## Exercise details
Give back exactly the lines from the start of the entries below to the line holding "Second-floor tanning balconyContemporary", that line included, and leave every picture out.

Dataset records
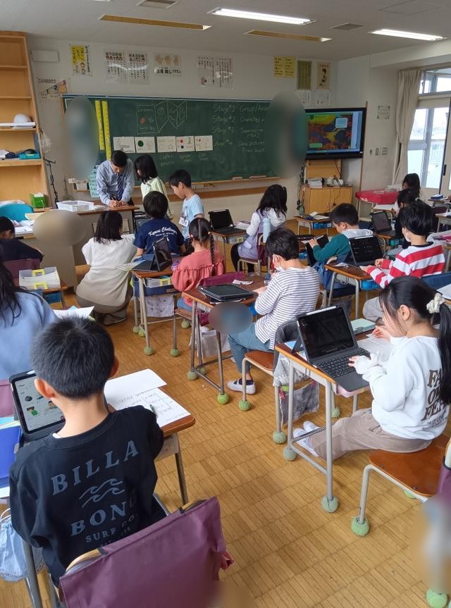 3年生のが外国語活動です。キャラクターブック(?)のようなものを作っているところでした。
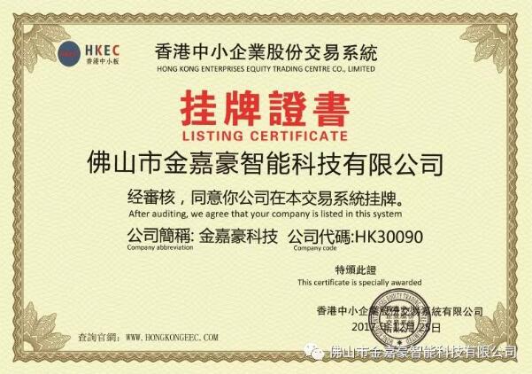 2017年12月25日,雙旦來臨之際,喜上加喜!在世界金融中心香港,佛山市金嘉豪智能科技有限公司成功掛牌全球中小企業(yè)股權(quán)交易中心(企業(yè)代碼HK30090),開啟了邁向國(guó)內(nèi)外更高層次資本市場(chǎng)的航程。
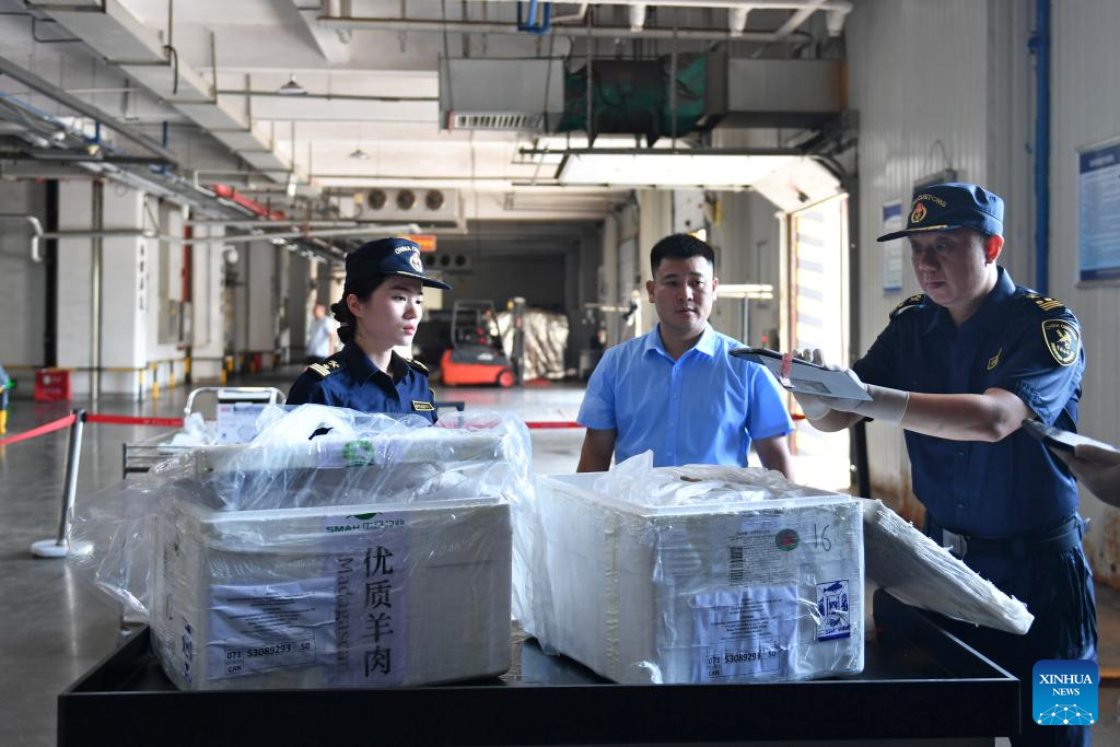 Customs officials conducted an on-site inspection of the frozen mutton shipment, weighing 1,000 kg in total. (Xinhua/Chen Zhenhai)
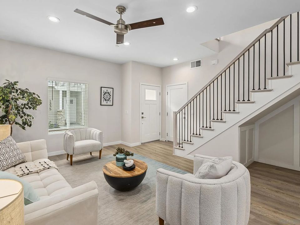 Second-floor tanning balconyContemporary flairEn-suite bathBreakfast barAbundance of natural lightCraftsman-style townhomeDesigner touches
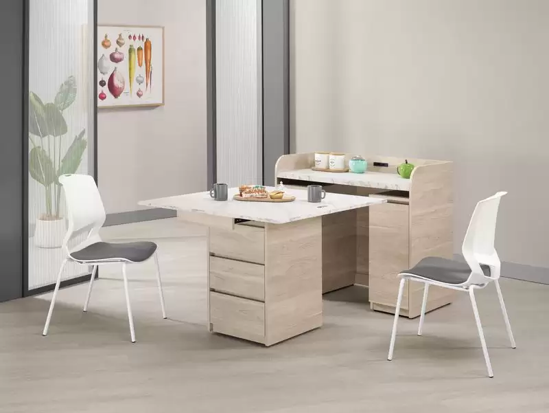 丹尼爾3.5尺仿石面活動式餐桌櫃 首頁 產品型錄 中島桌櫃&餐櫃 餐櫃 丹尼爾3.5尺仿石面活動式餐桌櫃 產品型號 : 2870-1 線上型錄 滿萬折千 價格 : 16800 規格選項 : 丹尼爾3.5尺仿石面活動式餐桌櫃 數量 : 加入詢價車 丹尼爾3.5尺仿石面活動式餐桌櫃 價格 : $ 16800 餐櫃 : 寬105 深52 高92 公分 餐桌 : 寬100 深100 高75 公分 材質:採用符合國際標準低甲醛防蛀木心板 塗裝:採用PU耐磨耐水塗裝 表面:專利技術耐磨浮雕木紋,觸感猶如實木 面板:採用仿大理石紋美耐皿木心板材質,具有耐高溫.耐刮磨特性 抽屜:採用三節式鋼珠滑軌 背板:美背處理 後鈕:採用油壓緩衝五金
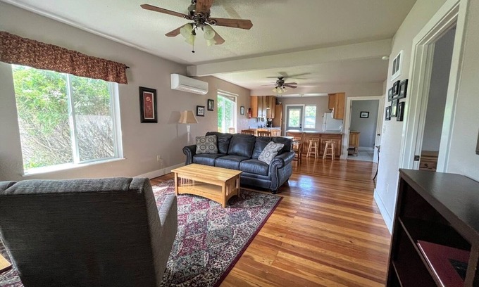 This lovely house features a queen bed in each bedroom, making it perfect for couples or families, along with a queen-sized sofa bed for additional guests. Enjoy amenities such as a smart TV with Wi-Fi compatibility for streaming your favorite shows, alongside a DVD player for cozy movie nights after celebrating your big day. The backyard boasts mature fruit trees that yield delicious apricots, apples, yellow plums, and Italian prunes during the fall, adding a touch of natural beauty to your wedding photos. Ample off-street parking accommodates boats or RVs, with the option for an RV hook-up and dump available for convenience.
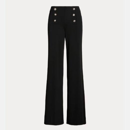 Unleash effortless elegance with these navy high-rise trousers from Lauren Ralph Lauren. Made with stretch matte jersey for fluid movement, these trousers feature a wide-leg silhouette designed to fall gracefully to the floor. Adorned with polished crest-embossed buttons, they exude a luxurious and sophisticated feel.

## Result of the task
 3年生のが外国語活動です。キャラクターブック(?)のようなものを作っているところでした。
 2017年12月25日,雙旦來臨之際,喜上加喜!在世界金融中心香港,佛山市金嘉豪智能科技有限公司成功掛牌全球中小企業(yè)股權(quán)交易中心(企業(yè)代碼HK30090),開啟了邁向國(guó)內(nèi)外更高層次資本市場(chǎng)的航程。
 Customs officials conducted an on-site inspection of the frozen mutton shipment, weighing 1,000 kg in total. (Xinhua/Chen Zhenhai)
 Second-floor tanning balconyContemporary flairEn-suite bathBreakfast barAbundance of natural lightCraftsman-style townhomeDesigner touches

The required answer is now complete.